**Task details**
Your copy should hold exactly the lines from the one containing "伊藤海彦アナの「結婚」の噂の" through the last line of the entries, and no pictures.

Supplied material below:

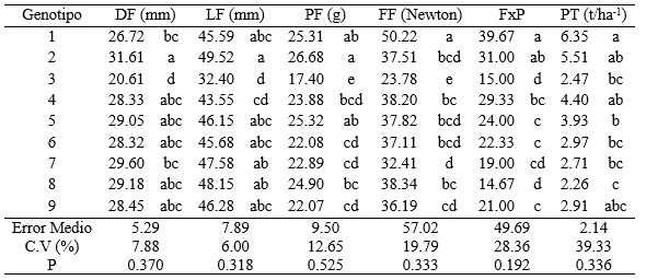 Dónde: DF= diámetro de fruto; LF= longitud de fruto; PF= peso medio de fruto; FF= firmeza del fruto; FxP= frutos por planta; PT= productividad.
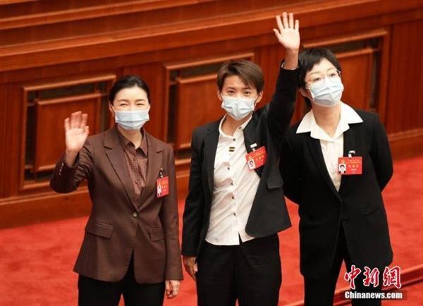 图为王霜(中)、仇斗丽(左)在开幕会后向记者挥手示意。 中新社记者 毛建军 摄
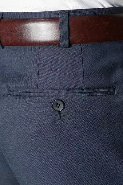 - Französische Taschen vorne, zwei Gesäßpaspeltaschen mit Knopf.
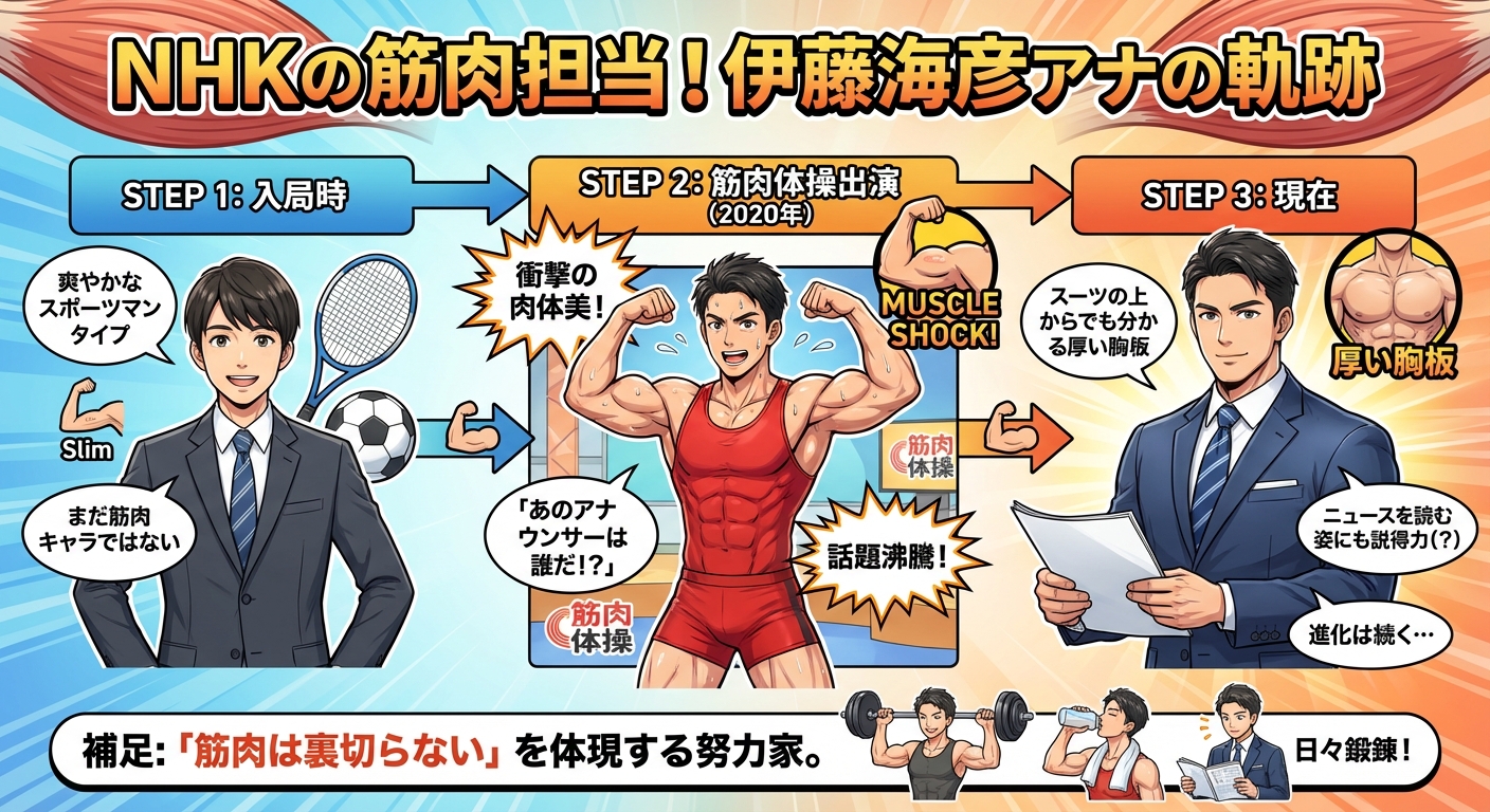 伊藤海彦アナの「結婚」の噂の裏には、「筋肉への情熱」と「仕事へのプロ意識」がありました。
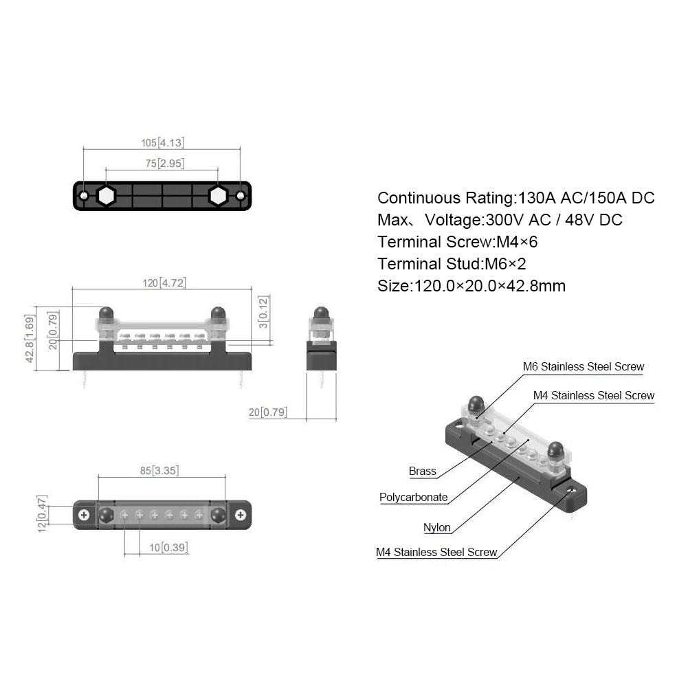 YuHttVuULooked for 6 Terminals Bus Bar Power Distribution Block 150A 48V with Cover M6 Terminal Studs for Car Boat Marine Trucks RV Vehicle Parts for a long time, but could not find it? Bring to your attention 6 Terminals Bus Bar Power Distribution Block 150A 48V with Cover M6 Terminal Studs for Car Boat Marine Trucks RV Vehicle Parts with the best price!

End of Supplied material.

**Solution to this problem**
 伊藤海彦アナの「結婚」の噂の裏には、「筋肉への情熱」と「仕事へのプロ意識」がありました。
 YuHttVuULooked for 6 Terminals Bus Bar Power Distribution Block 150A 48V with Cover M6 Terminal Studs for Car Boat Marine Trucks RV Vehicle Parts for a long time, but could not find it? Bring to your attention 6 Terminals Bus Bar Power Distribution Block 150A 48V with Cover M6 Terminal Studs for Car Boat Marine Trucks RV Vehicle Parts with the best price!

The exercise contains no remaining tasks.